We married. I knew it was a mistake. How can one marry fire? Put a ring on the finger of passion itself? But I had to have her. I could accept nothing less. With my ghoulish face and work in the theme park’s “Spook Central Death Train”, we had more than enough to get by. And then, as often happens, atrophy. I began to wonder if all this was enough, if Rukhsana was enough. Maybe. Maybe if I could see her without the beard? I pressed. I pressed and cajoled. I drove a wedge between us with my dreary disquiet. In the end I did what all weak men do and killed the thing I cherished most.

So that was it. “I am tired of your face.” And now I raise little Gary alone. It is my burden, my privilege. Thank goodness for his moustache. Otherwise we would not be able to afford the Sky+.

Monday 24 October 2011

#1: Tim & Sandra Figgess

Mothwicke is a great place to work and to live! There can’t be many places anywhere that would accept me what with my wolf hand. And not only accept me, embrace me! And elect me to the Council. Yes, it’s Councillor Tim Figgess if you don’t mind. This is my wife Sandra. You’ll have to forgive her. She not herself right now. Not since well, everything with her sister.

We met at work, naturally enough. Like people do. We work at Giggle Mouse Castle, like everyone does. Everyone in this town owes so much to that crazy mouse! Did you know Giggle Mouse Castle is the world’s largest theme park that happens to be sinking?
We’ve had a good marriage, Sandra and I. I mean sex isn’t everything. And the kids we’d hoped for never happened. Maybe that’s for the best. Who wants a dad with a wolf hand? But it’s been good. Companionship. Underrated I’d say. Sex isn’t everything.

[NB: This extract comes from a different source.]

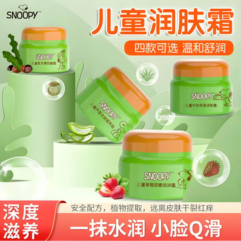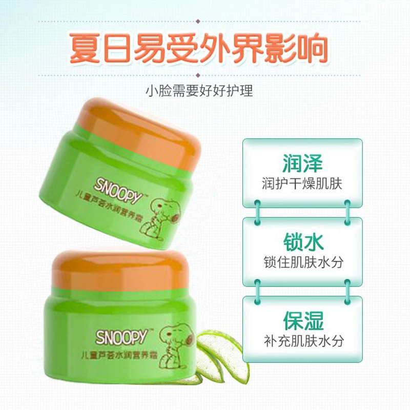 史努比儿童芦荟保湿润肤霜宝宝学生防护面霜乳霜补水滋润营养正品

I mean naturally, Sandra isn’t really in the mood for that kind of thing at the moment. Who would be with your sister disappeared? Right now, at this moment, no one knows what happened to Rachel. And that can take its toll on someone. So of course the last thing Sandra wants is me pawing her like some lust filled animal!

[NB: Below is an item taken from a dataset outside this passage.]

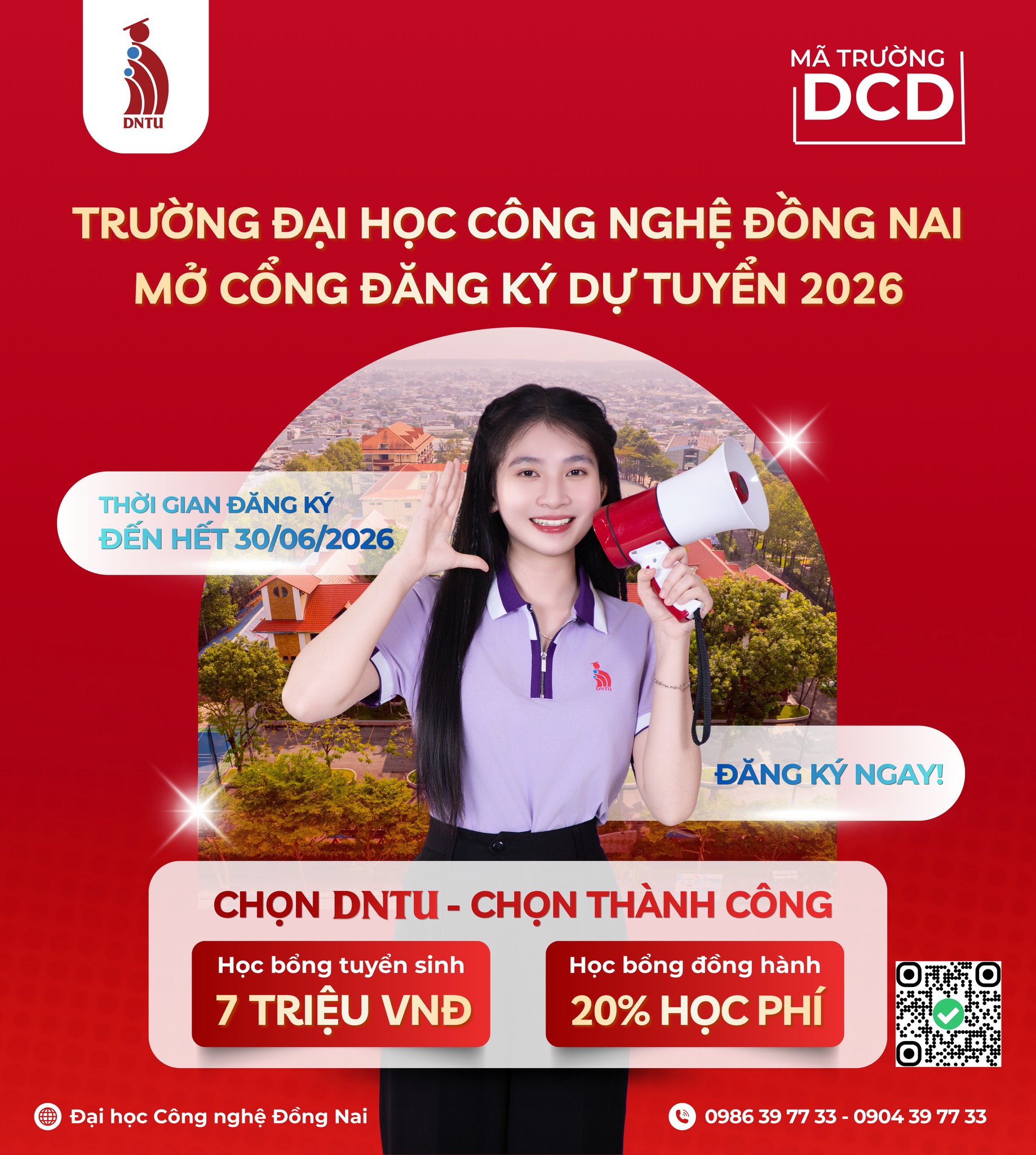 Trường Đại học Công nghệ Đồng Nai (DNTU) mở cổng đăng ký dự tuyển 2026 – nơi bạn được tư vấn ngành học phù hợp, xây dựng lộ trình học tập cá nhân và nắm chắc cơ hội trúng tuyển.

But as so often happens, something quite…well, profound I suppose… comes out of the tragedy. I suppose I’m not the only man who has found his wife less and less attractive over the years. There’s something so sad about watching the woman you love wither like hoary grapes. Sad and disgusting. Even before, you know, we were having difficulties because, well, because things just weren’t as tight and as firm as they used to be shall we say. I don’t blame her exactly; I mean I know it’s not her fault. The last time we tried, you know, we did it in front of the big mirror in the bedroom. I remember when we used to do that years ago, before it all turned to porridge. Well I’m going through the motions frankly. Out of politeness. I mean this woman makes me a sandwich to take to work every morning, it’s the least I can do isn’t it? Anyway, there I am, struggling to “be a man” if you will, just flapping in the breeze, and all of a sudden I catch a glimpse of myself in the mirror. Suddenly there’s a spark. Just for an instant, I see the way the light from the bedroom lamp hits me and I’m all sharp lines and dense sensuous shadow. No longer a lingering spent sack of regret, a ghost at the sexual feast. I file it away for later and crack on. Grit my teeth and get through it. Later when she’s asleep, I try it all again, only solo. It’s like a switch flips in my head. I spend hours diligently exploring myself in ways that would make a Cardinal blush.  Afterwards I feel complete. Complete, refreshed and clean. Clean in a way I though I’d never feel again. It’s just so important to take some time out to be good to yourself. What? No she can’t hear us. She’s on a lot of medication.